_The task_
The expected answer is every line from the material below that has the word "الفطرية".

_Given data_
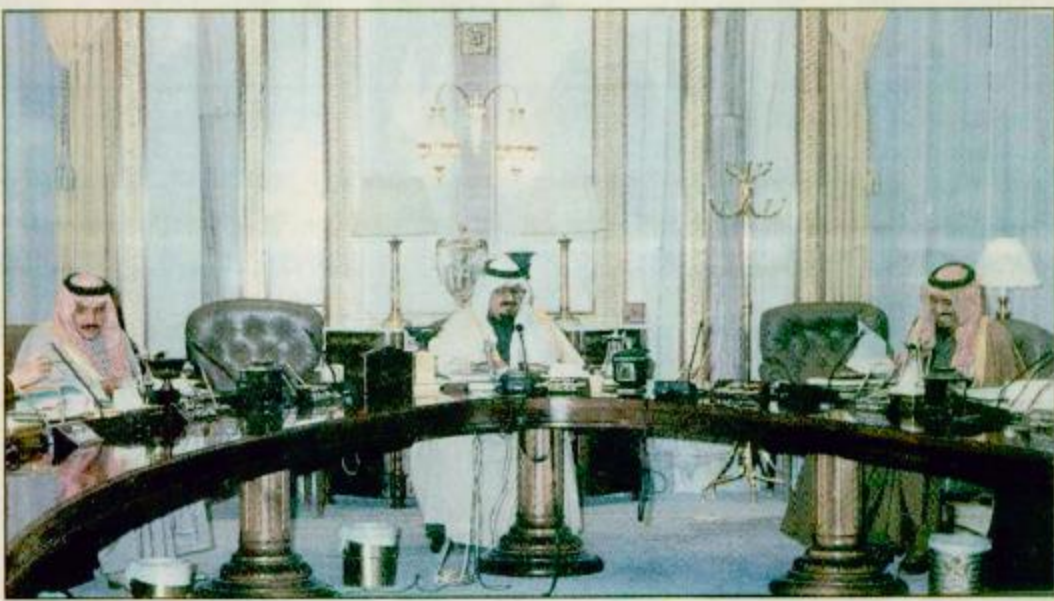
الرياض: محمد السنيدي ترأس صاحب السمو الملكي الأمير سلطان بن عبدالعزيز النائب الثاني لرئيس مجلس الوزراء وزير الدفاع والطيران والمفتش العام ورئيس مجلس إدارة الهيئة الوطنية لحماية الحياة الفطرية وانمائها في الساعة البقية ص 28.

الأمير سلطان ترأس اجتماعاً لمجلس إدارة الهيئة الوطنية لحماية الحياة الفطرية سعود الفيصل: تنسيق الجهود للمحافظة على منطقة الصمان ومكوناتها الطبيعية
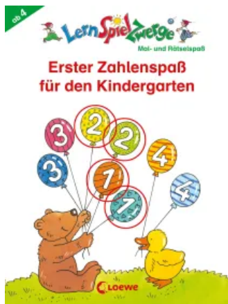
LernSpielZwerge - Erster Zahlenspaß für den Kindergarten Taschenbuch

_Response to this task_
الرياض: محمد السنيدي ترأس صاحب السمو الملكي الأمير سلطان بن عبدالعزيز النائب الثاني لرئيس مجلس الوزراء وزير الدفاع والطيران والمفتش العام ورئيس مجلس إدارة الهيئة الوطنية لحماية الحياة الفطرية وانمائها في الساعة البقية ص 28.
الأمير سلطان ترأس اجتماعاً لمجلس إدارة الهيئة الوطنية لحماية الحياة الفطرية سعود الفيصل: تنسيق الجهود للمحافظة على منطقة الصمان ومكوناتها الطبيعية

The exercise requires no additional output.